Birds that will come to your yard are most likely not going to be water birds.  So, don’t fill the bath too deep, or you run the risk of excluding some of the songbirds in your yard.  The maximum depth should be no more than 2 inches for a flat tray.  If you have a tray that is not flat, but slightly conical, it is okay to exceed the maximum of 2 inches.  The reason is that the water depth will increase gradually as you move from the edge to the center, and the birds can use whatever depth they feel comfortable with.  A larger bird might walk out into the deeper water, while a smaller songbird will stay closer to the edge where the water is shallower.

Surface to Walk On

Many of the materials used for bird baths can be somewhat slick.  This increases the chance a bird will slip as it lands, normally causing it to immediately fly away.  One way to reduce that chance is to provide some pebbles or small stones in the water for the birds to step out onto.  Often, these are placed around the edges of the water.  This will help their confidence, and make the bath look more natural.  The one downside to adding stones is they make it harder to clean the bath.  Not that you have to clean each stone, but you will need to remove the stones before cleaning, then replace them after the cleaning, adding a bit more time to the effort.  In my mind, if those extra steps make you less likely to clean the bath, then you might be best off to omit them and keep the bath clean.


Water Heaters

Water heaters can be quite useful during winter in more northern areas.  When the temperature is below freezing, it can be difficult to find open water for some birds, so a bird bath with a water heater can be a lifesaver, quite literally.

Fountains and Drips

Solar powered fountains in summer are a really good way to attract birds to your bath.  The sight and sound of the moving water will get their attention.  You can also buy an attachment for your bird bath that allows for a slow drip of water from above the bath down into the water.  These can be very effective at attracting birds as well.


As with feeders, it is wise to keep bird baths cleaned.  Invariably, birds will poop into the water in the bath.  And since bird droppings can carry disease, you wouldn’t want birds drinking or bathing in that water.  The result can be more sick birds.  So, keep it clean. 
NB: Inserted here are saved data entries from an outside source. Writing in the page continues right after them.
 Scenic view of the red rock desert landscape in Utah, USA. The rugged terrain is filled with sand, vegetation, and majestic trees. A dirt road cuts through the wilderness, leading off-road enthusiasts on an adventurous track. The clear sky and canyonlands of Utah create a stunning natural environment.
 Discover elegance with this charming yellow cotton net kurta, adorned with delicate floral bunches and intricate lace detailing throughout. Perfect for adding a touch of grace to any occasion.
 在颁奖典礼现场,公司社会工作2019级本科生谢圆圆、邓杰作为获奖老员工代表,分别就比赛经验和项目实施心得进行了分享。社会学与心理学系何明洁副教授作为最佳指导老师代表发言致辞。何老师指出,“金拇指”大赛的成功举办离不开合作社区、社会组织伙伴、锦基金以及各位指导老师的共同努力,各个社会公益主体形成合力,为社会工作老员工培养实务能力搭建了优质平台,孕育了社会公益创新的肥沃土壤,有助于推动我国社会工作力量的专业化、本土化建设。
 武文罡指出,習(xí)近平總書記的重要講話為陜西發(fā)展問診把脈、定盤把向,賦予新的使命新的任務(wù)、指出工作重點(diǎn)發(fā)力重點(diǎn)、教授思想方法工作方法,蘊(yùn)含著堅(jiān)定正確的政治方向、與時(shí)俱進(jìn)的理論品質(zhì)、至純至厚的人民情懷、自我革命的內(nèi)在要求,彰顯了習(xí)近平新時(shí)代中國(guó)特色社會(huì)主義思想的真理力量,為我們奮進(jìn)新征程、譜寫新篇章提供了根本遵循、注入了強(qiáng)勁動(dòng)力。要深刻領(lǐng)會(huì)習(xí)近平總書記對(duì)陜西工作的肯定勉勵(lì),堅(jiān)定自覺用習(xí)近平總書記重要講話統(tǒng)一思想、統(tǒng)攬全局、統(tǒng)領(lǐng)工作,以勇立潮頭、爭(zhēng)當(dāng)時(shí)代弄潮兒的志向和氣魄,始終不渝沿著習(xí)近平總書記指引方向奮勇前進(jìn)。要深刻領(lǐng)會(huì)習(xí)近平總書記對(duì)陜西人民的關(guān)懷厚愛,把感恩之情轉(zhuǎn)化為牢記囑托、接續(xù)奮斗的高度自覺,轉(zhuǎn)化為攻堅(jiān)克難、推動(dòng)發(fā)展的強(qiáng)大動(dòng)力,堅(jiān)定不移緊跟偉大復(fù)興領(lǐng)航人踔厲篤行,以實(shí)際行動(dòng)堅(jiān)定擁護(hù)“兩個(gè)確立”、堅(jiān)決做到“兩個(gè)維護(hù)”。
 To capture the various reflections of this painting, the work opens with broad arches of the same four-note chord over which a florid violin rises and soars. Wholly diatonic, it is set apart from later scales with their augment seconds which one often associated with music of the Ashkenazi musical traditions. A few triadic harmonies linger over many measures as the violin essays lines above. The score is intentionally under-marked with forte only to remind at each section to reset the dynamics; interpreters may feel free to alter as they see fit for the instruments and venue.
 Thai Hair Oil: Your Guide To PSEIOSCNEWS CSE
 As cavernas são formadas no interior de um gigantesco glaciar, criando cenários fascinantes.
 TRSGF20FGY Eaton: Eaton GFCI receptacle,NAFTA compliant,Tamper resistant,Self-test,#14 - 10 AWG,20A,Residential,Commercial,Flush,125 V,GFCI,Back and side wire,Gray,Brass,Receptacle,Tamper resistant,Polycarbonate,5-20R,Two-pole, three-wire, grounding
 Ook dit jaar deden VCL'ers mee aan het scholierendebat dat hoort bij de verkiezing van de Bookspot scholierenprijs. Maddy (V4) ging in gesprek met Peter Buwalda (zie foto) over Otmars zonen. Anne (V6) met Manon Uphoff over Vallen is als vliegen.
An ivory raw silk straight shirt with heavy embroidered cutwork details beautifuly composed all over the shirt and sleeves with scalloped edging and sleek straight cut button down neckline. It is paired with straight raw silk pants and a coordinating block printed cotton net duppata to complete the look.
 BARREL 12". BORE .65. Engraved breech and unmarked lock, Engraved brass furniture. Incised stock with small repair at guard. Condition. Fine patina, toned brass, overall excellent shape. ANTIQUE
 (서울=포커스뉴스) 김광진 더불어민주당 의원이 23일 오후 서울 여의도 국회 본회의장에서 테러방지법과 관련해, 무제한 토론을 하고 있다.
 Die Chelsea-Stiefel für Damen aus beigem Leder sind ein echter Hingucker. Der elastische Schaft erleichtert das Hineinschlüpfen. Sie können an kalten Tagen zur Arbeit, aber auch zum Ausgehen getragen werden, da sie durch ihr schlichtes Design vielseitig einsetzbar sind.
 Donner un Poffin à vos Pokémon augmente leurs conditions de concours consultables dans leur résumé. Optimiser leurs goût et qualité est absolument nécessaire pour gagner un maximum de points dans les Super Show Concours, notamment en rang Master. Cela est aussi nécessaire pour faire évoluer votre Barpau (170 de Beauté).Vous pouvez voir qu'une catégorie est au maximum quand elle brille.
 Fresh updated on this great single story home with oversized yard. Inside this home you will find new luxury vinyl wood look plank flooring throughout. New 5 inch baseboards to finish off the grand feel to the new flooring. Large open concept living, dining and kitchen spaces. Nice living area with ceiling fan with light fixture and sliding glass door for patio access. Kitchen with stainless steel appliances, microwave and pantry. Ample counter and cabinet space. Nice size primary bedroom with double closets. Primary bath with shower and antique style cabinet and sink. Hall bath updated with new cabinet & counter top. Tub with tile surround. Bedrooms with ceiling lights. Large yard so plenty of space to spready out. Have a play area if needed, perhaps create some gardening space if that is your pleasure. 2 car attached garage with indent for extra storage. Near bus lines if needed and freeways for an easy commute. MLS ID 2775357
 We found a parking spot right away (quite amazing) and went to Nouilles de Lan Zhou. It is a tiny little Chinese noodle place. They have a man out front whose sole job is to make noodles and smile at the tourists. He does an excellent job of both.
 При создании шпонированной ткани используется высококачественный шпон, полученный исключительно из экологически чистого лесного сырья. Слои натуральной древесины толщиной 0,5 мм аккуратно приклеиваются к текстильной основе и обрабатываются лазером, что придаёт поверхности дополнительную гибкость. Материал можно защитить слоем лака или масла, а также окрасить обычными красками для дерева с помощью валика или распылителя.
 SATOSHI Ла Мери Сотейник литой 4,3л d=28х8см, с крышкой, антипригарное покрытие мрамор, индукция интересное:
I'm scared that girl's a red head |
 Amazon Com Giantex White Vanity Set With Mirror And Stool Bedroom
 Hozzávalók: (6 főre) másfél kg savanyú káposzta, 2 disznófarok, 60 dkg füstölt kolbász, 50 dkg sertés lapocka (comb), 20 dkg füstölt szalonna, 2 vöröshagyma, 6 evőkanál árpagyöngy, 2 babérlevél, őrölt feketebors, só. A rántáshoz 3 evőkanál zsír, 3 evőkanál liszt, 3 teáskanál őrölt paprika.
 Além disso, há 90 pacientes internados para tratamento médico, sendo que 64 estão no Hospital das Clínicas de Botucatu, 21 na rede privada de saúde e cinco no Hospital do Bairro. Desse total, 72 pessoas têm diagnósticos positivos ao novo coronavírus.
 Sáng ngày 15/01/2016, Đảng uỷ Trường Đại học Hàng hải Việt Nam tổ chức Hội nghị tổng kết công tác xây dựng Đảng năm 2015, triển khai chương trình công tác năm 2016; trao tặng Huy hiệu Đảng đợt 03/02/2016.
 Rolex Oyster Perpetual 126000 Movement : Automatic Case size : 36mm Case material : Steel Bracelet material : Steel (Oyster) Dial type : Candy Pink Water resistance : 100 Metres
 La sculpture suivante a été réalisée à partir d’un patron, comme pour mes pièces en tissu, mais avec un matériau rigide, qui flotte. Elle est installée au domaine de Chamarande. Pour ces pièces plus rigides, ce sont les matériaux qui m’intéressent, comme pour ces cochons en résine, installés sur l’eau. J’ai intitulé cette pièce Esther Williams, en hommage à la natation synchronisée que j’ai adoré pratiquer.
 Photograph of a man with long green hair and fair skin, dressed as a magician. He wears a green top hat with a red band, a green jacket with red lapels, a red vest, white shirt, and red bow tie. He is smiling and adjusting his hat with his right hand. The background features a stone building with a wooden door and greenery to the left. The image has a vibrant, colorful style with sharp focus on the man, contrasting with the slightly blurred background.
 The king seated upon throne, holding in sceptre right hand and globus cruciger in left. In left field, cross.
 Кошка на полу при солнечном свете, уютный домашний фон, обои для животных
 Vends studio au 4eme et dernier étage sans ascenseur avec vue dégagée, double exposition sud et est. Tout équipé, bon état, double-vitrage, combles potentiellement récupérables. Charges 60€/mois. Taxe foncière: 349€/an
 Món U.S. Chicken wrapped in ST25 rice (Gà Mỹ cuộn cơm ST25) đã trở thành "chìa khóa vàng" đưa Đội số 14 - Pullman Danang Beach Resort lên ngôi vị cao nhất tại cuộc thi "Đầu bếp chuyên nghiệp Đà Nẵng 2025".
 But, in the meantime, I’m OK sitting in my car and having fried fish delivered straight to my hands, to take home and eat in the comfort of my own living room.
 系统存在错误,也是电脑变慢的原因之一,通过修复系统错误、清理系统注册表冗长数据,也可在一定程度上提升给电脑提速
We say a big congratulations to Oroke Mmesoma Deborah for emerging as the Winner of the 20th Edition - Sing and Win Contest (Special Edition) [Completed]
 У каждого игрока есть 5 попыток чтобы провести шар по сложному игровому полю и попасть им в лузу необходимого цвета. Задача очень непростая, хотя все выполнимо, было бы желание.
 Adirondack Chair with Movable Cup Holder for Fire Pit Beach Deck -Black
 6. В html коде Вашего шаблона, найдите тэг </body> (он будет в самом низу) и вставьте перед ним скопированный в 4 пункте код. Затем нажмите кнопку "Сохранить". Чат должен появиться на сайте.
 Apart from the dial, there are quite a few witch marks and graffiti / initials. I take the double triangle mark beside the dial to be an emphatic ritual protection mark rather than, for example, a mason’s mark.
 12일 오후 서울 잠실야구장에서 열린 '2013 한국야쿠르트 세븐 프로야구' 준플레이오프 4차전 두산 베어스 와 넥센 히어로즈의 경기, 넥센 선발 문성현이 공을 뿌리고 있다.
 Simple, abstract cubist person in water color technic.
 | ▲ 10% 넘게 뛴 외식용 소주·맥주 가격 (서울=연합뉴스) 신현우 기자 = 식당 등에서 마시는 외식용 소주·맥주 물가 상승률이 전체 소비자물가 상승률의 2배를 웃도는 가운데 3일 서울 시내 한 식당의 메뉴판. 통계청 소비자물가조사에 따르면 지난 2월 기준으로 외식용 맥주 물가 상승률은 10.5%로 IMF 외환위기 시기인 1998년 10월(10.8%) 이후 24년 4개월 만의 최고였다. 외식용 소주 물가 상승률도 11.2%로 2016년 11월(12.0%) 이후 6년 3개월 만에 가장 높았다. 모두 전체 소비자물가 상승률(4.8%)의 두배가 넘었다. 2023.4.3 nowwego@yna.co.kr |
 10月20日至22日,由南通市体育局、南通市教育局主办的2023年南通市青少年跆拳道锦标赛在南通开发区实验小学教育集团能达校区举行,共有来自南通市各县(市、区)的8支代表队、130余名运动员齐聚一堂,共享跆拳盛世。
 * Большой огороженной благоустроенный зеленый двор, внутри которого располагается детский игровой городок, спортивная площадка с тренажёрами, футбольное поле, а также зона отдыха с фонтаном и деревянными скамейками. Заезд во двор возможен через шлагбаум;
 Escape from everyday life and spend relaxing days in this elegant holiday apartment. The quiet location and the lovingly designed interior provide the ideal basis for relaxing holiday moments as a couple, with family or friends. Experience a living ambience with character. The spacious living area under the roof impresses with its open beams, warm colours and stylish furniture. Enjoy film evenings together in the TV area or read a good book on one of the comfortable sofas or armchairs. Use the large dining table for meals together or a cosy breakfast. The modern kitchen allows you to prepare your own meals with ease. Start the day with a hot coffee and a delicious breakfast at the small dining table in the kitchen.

But how?  And how often to clean?  Some people recommend using a mild bleach to kill any pathogens, then a complete rinse before refilling.  Others suggest a stiff brush with high water pressure through a hose.  It’s best to clean a bird bath once a week.  Sometimes we don’t have the time to scrub one of our baths (we have three in our backyard), so we hose it down with high pressure, but do so every day or two to keep any mess from building up.

Water Gardens

One other approach to providing water to your birds in the backyard is with a water garden.  These can be like small pools or ponds, with a fountain or waterfall, wetland-type plants, and maybe goldfish or koi.  These can be wonderful additions to your backyard; they are beautiful and can really help attract birds.  However, sometimes you get more than you bargain for.  There are numerous accounts of herons or egrets finding a water garden and eating all the goldfish or koi.  One other thing to consider with a water garden is mosquitoes.  The standing water will give mosquitoes a place to lay their eggs.  Without fish to eat the larvae, or some type of insecticide to kill them, you can have a problem on your hands.

Other Wildlife

Bird baths benefit more than just birds.  Other wildlife species will appreciate the availability of water, particularly in more arid areas, such as deer and squirrels.  Dogs and cats will also take advantage of the water.

Squirrel on bird bath

Summary of Bird Baths

So, there you have our tips on providing water for birds in your backyard.  Please get it a try.  You can attract birds that wouldn’t otherwise come to a feeder, and that’s always fun.  And the care they require is really not much compared to the benefits.  So, do it.  And enjoy!